SELECT only rows based on double values on 2 columns-CodePudding

I have a database that was given to us without constraints, no PK or FK.

I'm trying to reverse engineer to find out connections between tables. In order to do so my approach is to create a list of all columns with the same name and data type. So I created this query:

SELECT schema_name(tab.schema_id) AS schema_name
    ,tab.name AS table_name
    ,col.name AS column_name
    ,t.name AS data_type
    ,SUM([Partitions].[rows]) AS [TotalRowCount]
    
FROM sys.tables AS tab
INNER JOIN sys.columns AS col ON tab.object_id = col.object_id
LEFT JOIN sys.types AS t ON col.user_type_id = t.user_type_id
JOIN sys.partitions AS [Partitions] ON tab.[object_id] = [Partitions].[object_id]
    AND [Partitions].index_id IN (
        0
        ,1
        )

GROUP BY schema_name(tab.schema_id)
    ,tab.name
    ,col.name
    ,t.name
    
ORDER BY col.name

As result I have this:

schema_name	table_name	column_name	data_type	TotalRowCount
H513WEB	ALPRETAR	IDREVI	numeric	1439
H513WEB	ALPRETAR	IDREVN	numeric	1439
H513WEB	CPDOENP	IDRLPP	numeric	4156
H513WEB	ALPRETAR	IDRNG	numeric	1439
H513WEB	FAAFACP	IDROLDEBCOM	numeric	100541
H513WEB	FAAFACP_OLD	IDROLDEBCOM	numeric	1513
H513WEB	CACPTAP	IDROLE	numeric	22109
H513WEB	CARROLP	IDROLE	numeric	5
H513WEB	FAENTFP	IDROLE	numeric	26084
H513WEB	CACPTCP	IDRUBRIQUE	numeric	48
H513WEB	CACPTRP	IDRUBRIQUE	numeric	12942
H513WEB	CAIMDCP	IDRUBRIQUE	numeric	6637
H513WEB	CAIMGIP	IDRUBRIQUE	numeric	5
H513WEB	CAIMRSP	IDRUBRIQUE	numeric	40
H513WEB	CAOREXP	IDRUBRIQUE	numeric	5
H513WEB	CAPLARP	IDRUBRIQUE	numeric	3
H513WEB	CARERUP	IDRUBRIQUE	numeric	175
H513WEB	CARUBRP	IDRUBRIQUE	numeric	312

but I only would like to list rows that have the same column_name and data_type and the result should look like this:

schema_name	table_name	column_name	data_type	TotalRowCount
H513WEB	FAAFACP	IDROLDEBCOM	numeric	100541
H513WEB	FAAFACP_OLD	IDROLDEBCOM	numeric	1513
H513WEB	CACPTAP	IDROLE	numeric	22109
H513WEB	CARROLP	IDROLE	numeric	5
H513WEB	FAENTFP	IDROLE	numeric	26084
H513WEB	CACPTCP	IDRUBRIQUE	numeric	48
H513WEB	CACPTRP	IDRUBRIQUE	numeric	12942
H513WEB	CAIMDCP	IDRUBRIQUE	numeric	6637
H513WEB	CAIMGIP	IDRUBRIQUE	numeric	5
H513WEB	CAIMRSP	IDRUBRIQUE	numeric	40
H513WEB	CAOREXP	IDRUBRIQUE	numeric	5
H513WEB	CAPLARP	IDRUBRIQUE	numeric	3
H513WEB	CARERUP	IDRUBRIQUE	numeric	175
H513WEB	CARUBRP	IDRUBRIQUE	numeric	312

How to do that?

CodePudding user response：

If you're trying to identify PK and FK candidates, it's not just the data type that needs to match, but the length, scale and precision too. A varchar(10) can't be a foreign key of a varchar(8) for example. In actuality the name doesn't need to match at all, but you would end up with a terrible number of false positives without including that.
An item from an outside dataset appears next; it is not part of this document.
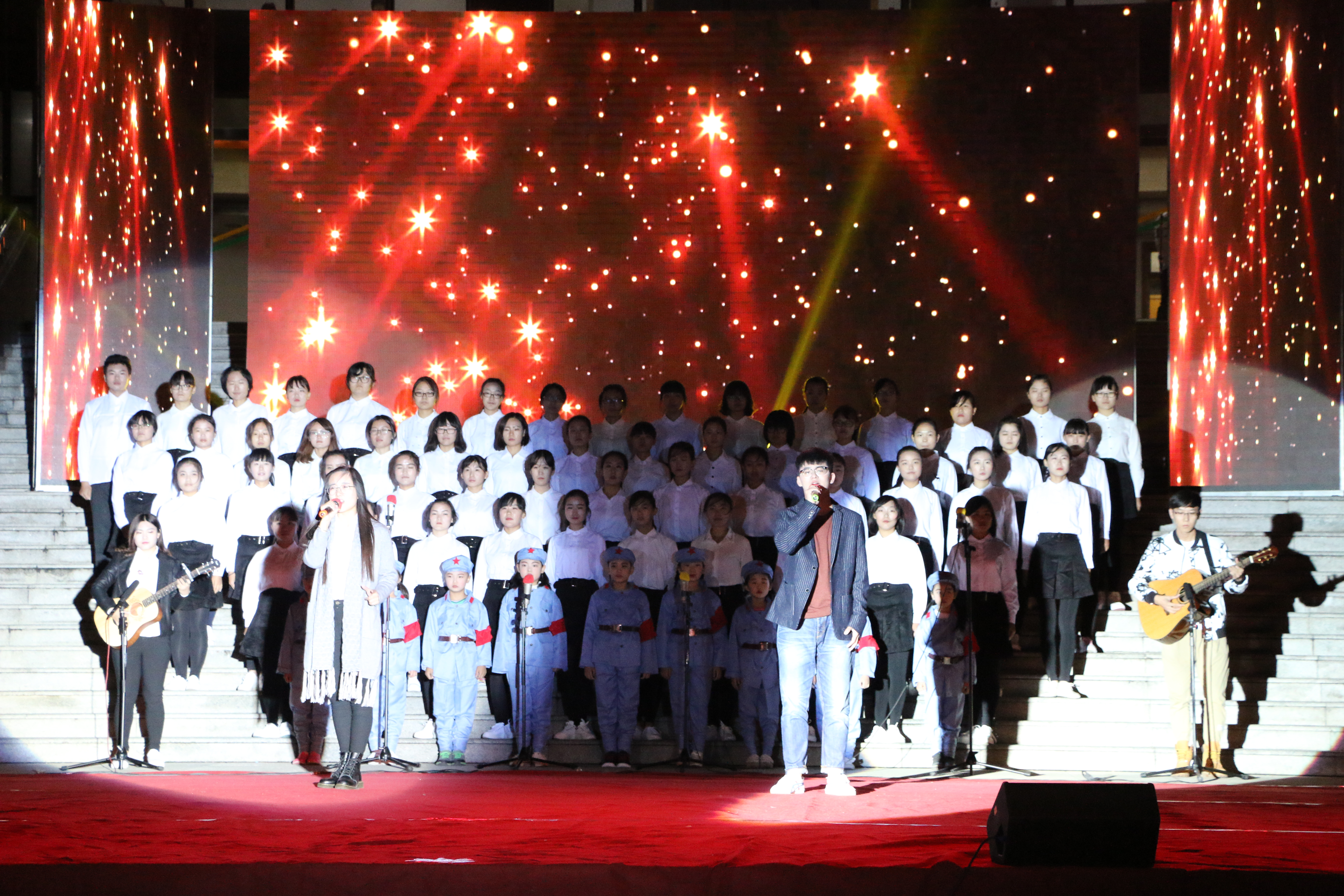 晚会以“逶迤英雄路,磅礴长征魂”为主题,共分为“踏上征程” 、“雄关漫道”、“丰碑永矗”三个篇章,软件学院与化学与化工学院的合唱《闪闪的红星》拉开了晚会的序幕,软件学子用朴实激昂的歌声歌颂了中国共产党引领华夏儿女实现民族独立、人民解放的伟大功勋;在第二篇章中,体育科学学院的舞蹈《飞夺泸定桥》,生动的表演带领大家回顾了那段可歌可泣的不朽历史;第三篇章中,音乐学院舞蹈《红色英雄》、教工合唱《江山》带给人们视听享受的同时,歌颂缅怀了先烈们视死如归、百折不挠的伟大精神。
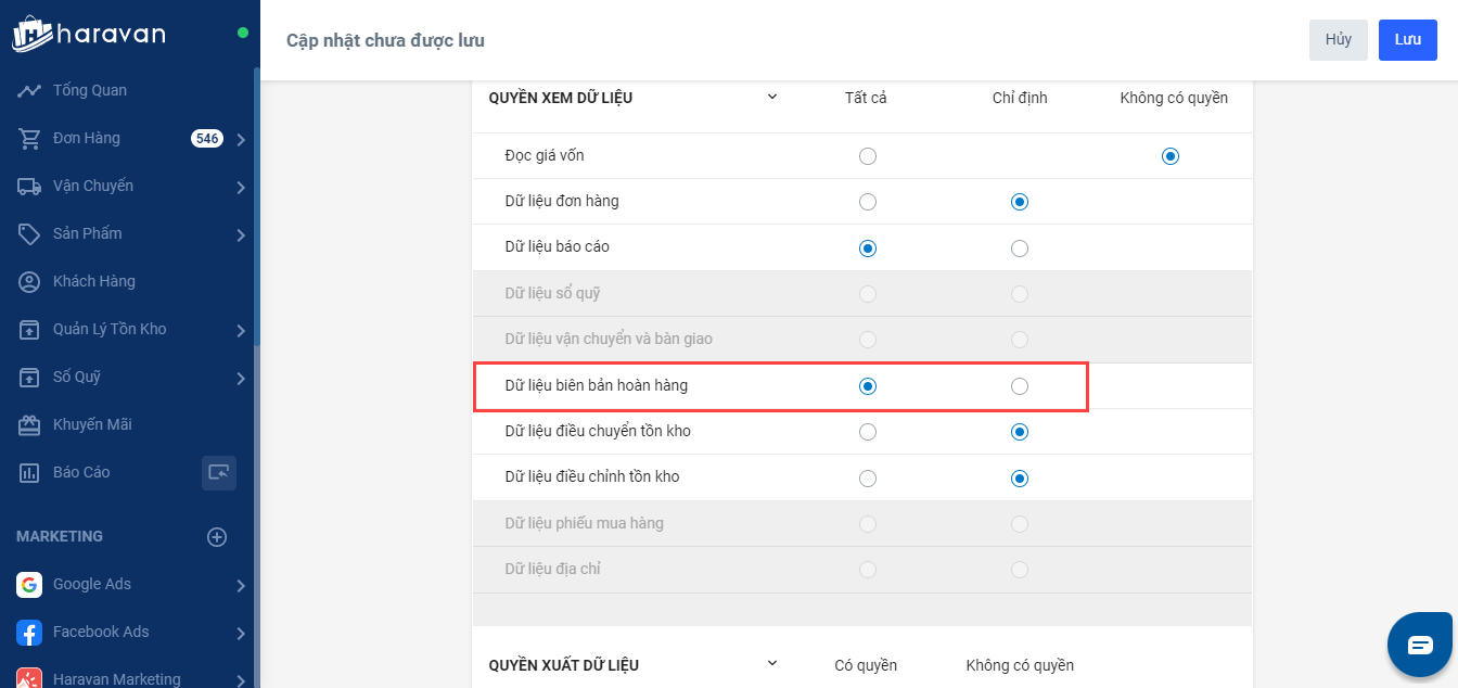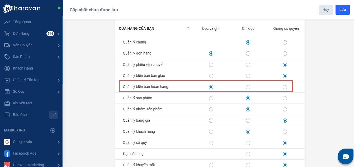 Hướng dẫn phân quyền tài khoản tạo biên bản hoàn hàng

I've guessed a little at what you want but i think this might be along the right lines. The (estimated) row count, on the other hand, doesn't seem necessary at all, so I've removed that from the query:

WITH ColumnCount AS(
    SELECT s.name AS SchemaName,
           t.name AS TableName,
           c.name AS ColumnName,
           ct.[name] AS DataType,
           c.max_length,
           c.precision,
           c.scale,
           COUNT(c.column_id) OVER (PARTITION BY c.[name], ct.[name], c.max_length, c.precision, c.scale) AS Duplicates
    FROM sys.schemas s
         JOIN sys.tables t ON s.schema_id = t.schema_id
         JOIN sys.columns c ON t.object_id = c.object_id
         JOIN sys.types ct ON c.user_type_id = ct.user_type_id)
SELECT *
FROM ColumnCount CC
WHERE CC.Duplicates > 1
ORDER BY CC.ColumnName,
         CC.SchemaName,
         CC.TableName;